Stored data.

======

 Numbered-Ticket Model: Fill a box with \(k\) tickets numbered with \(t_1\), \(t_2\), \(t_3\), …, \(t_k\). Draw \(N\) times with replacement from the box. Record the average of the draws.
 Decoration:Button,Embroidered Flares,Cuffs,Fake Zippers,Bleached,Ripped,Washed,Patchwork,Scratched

======

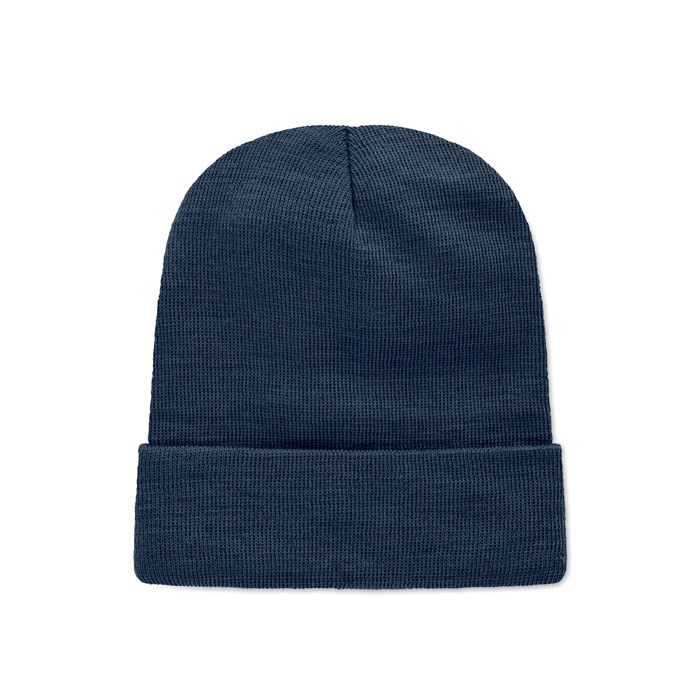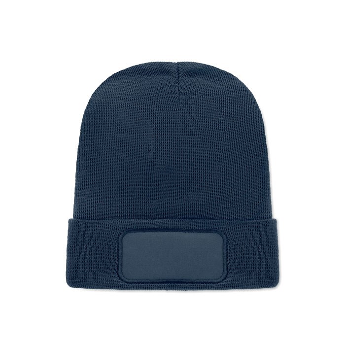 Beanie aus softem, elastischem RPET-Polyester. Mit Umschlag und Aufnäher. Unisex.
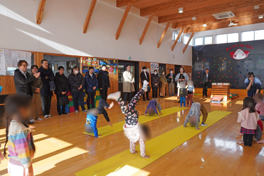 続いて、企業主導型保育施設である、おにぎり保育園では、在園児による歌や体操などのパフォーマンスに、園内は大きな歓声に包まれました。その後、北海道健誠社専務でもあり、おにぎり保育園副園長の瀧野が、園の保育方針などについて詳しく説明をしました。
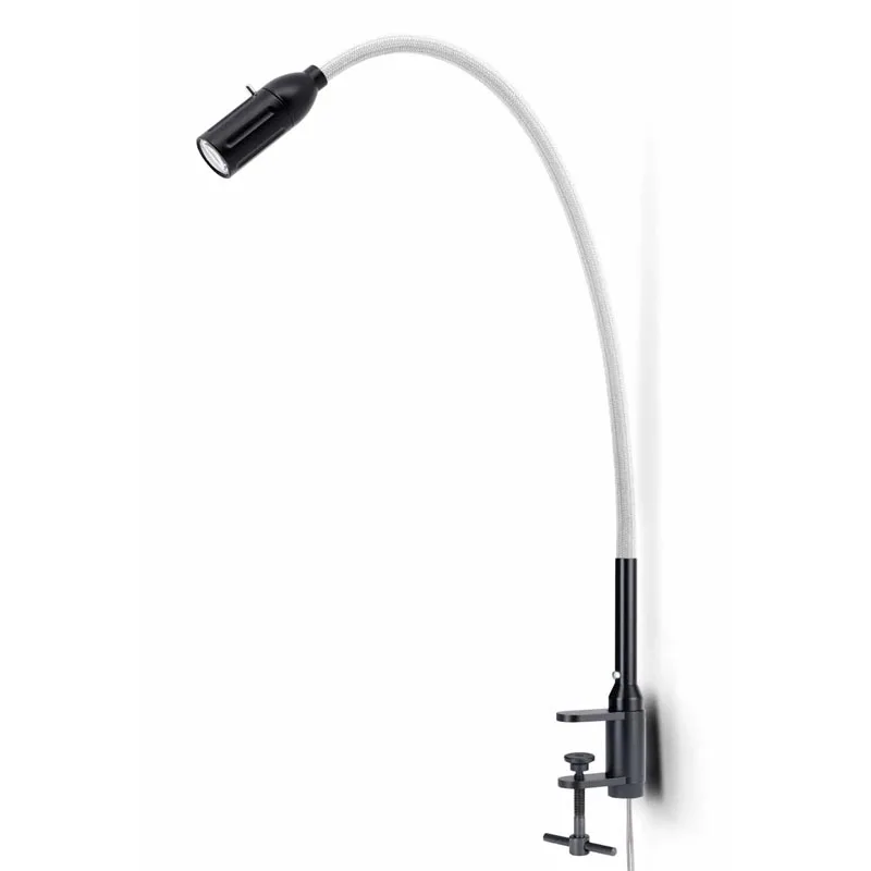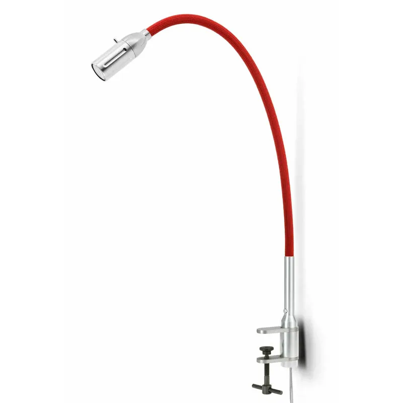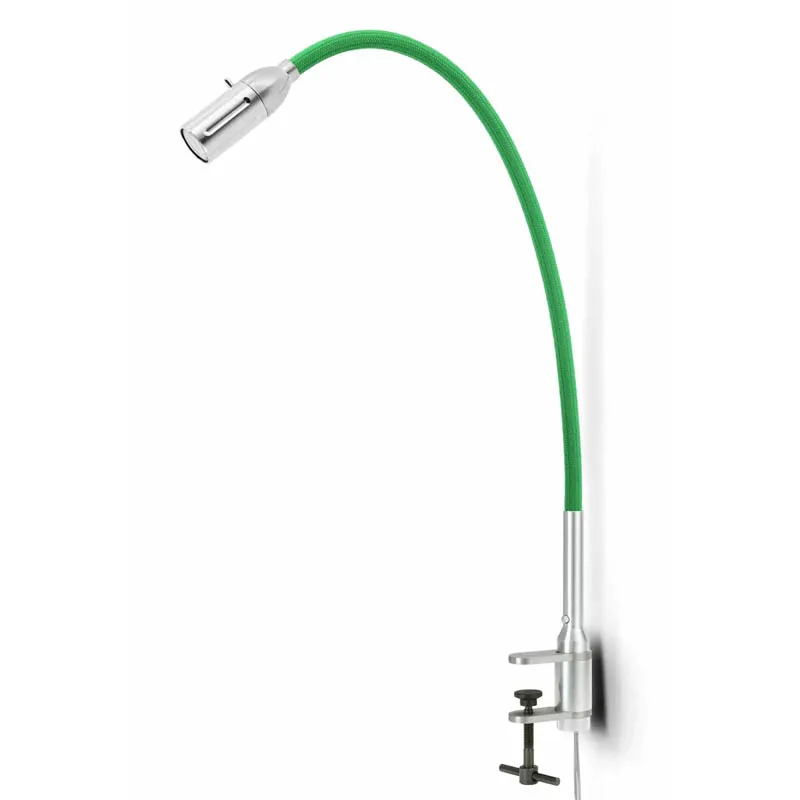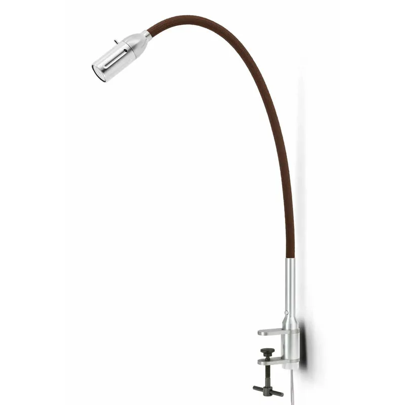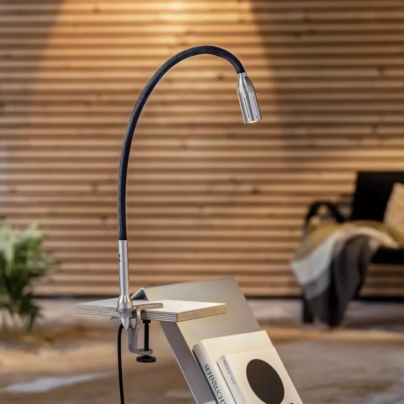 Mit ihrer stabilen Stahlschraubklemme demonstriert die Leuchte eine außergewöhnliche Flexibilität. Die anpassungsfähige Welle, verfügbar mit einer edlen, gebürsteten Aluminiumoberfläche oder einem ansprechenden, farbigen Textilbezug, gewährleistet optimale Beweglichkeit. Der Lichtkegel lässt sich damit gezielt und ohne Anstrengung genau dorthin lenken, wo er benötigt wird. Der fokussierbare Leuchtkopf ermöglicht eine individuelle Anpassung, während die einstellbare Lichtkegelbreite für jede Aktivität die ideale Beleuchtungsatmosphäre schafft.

======

What you are asked to do.
Extract from the material above the stretch running from the line containing "Beanie aus softem, elastischem" through the line containing "Mit ihrer stabilen". Keep the text exact and the pictures out.

Result of this task.
 Beanie aus softem, elastischem RPET-Polyester. Mit Umschlag und Aufnäher. Unisex.
 続いて、企業主導型保育施設である、おにぎり保育園では、在園児による歌や体操などのパフォーマンスに、園内は大きな歓声に包まれました。その後、北海道健誠社専務でもあり、おにぎり保育園副園長の瀧野が、園の保育方針などについて詳しく説明をしました。
 Mit ihrer stabilen Stahlschraubklemme demonstriert die Leuchte eine außergewöhnliche Flexibilität. Die anpassungsfähige Welle, verfügbar mit einer edlen, gebürsteten Aluminiumoberfläche oder einem ansprechenden, farbigen Textilbezug, gewährleistet optimale Beweglichkeit. Der Lichtkegel lässt sich damit gezielt und ohne Anstrengung genau dorthin lenken, wo er benötigt wird. Der fokussierbare Leuchtkopf ermöglicht eine individuelle Anpassung, während die einstellbare Lichtkegelbreite für jede Aktivität die ideale Beleuchtungsatmosphäre schafft.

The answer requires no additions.